---
title: "Revamping the nightingales spreadsheet"
output: html_notebook
---

After talking today, we decided that we were going to change how the spreadsheet that organized and linked sequencing data produced by the Roberts Lab. This notebook begins that work by reworking the SeqID column, removing remenants of file name and the second of paired end reads as well as remaking the links to the files themselves.

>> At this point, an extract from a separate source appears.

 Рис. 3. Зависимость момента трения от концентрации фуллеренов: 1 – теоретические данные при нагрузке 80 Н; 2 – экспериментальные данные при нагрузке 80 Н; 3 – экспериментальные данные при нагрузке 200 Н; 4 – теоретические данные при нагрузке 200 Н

First we read in the current Nightingales spreadsheet, as pulled from the Google sheets. A quick head and dim command make sure it looks roughly correct, which it does. 

```{r}
library(readr)
read_csv("~/Documents/dmp/Nightingales - master.csv") -> night

head(night)
dim(night)
```

Below we strip out anything that looks like a file name by removing anything on the right side of the first . (ex. sequence.fasta.gz -> sequence)

Then we remove any existing text containing _R1, leaving just the Sequence ID (full example, sequence_R1.fasta.gz would first go to sequence_R1, and then just sequence)

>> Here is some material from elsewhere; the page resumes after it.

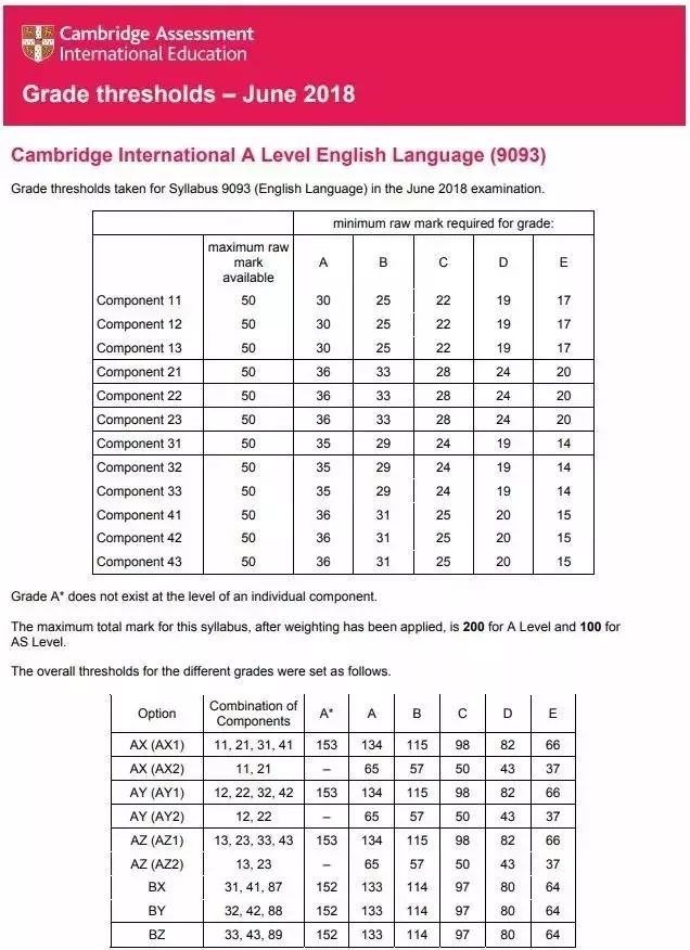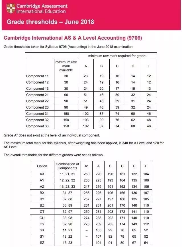 A-Level 分数线需要将2018年5、6月的A2考试,与2017年5、6月的AS考试或是2017年10、11月AS考试合并后计算总成绩。CAIE分数线表格给出的是某一考试系列中,CAIE打分的每一份paper或component的最低分数线。表格中也显示了每个option的最低分数线。一个option是获得认可的papers或components组合到一起,构成整个证书。

Finally, we delete any rows which have the second of a pair of reads, as we no longer need these with the current format of the spreadsheet. 
```{r}
night$SeqID <- gsub("\\..*", "", night$SeqID)
night$SeqID <- gsub("_R1.*", "", night$SeqID)
night <- night[-which(grepl("_R2", night$SeqID) == TRUE),]
```


This... looks like a mess. The loop below iterates through all remaining rows of the data frame, first setting the working directory to the Nightingales directory corresponding to the species. I'm using a mounted version of Owl, so the directory structure may look a little odd. 

After it sets the working directory, it creates a temporary file list of all files within the working directory that correspond to the sequence ID. 

It then checks if the Length variable has a "PE", indicating that the reads are paired, and if that is the case, writes the two files to the URL 1/2 and File Location 1/2 columns, with the correct directory structure/http address.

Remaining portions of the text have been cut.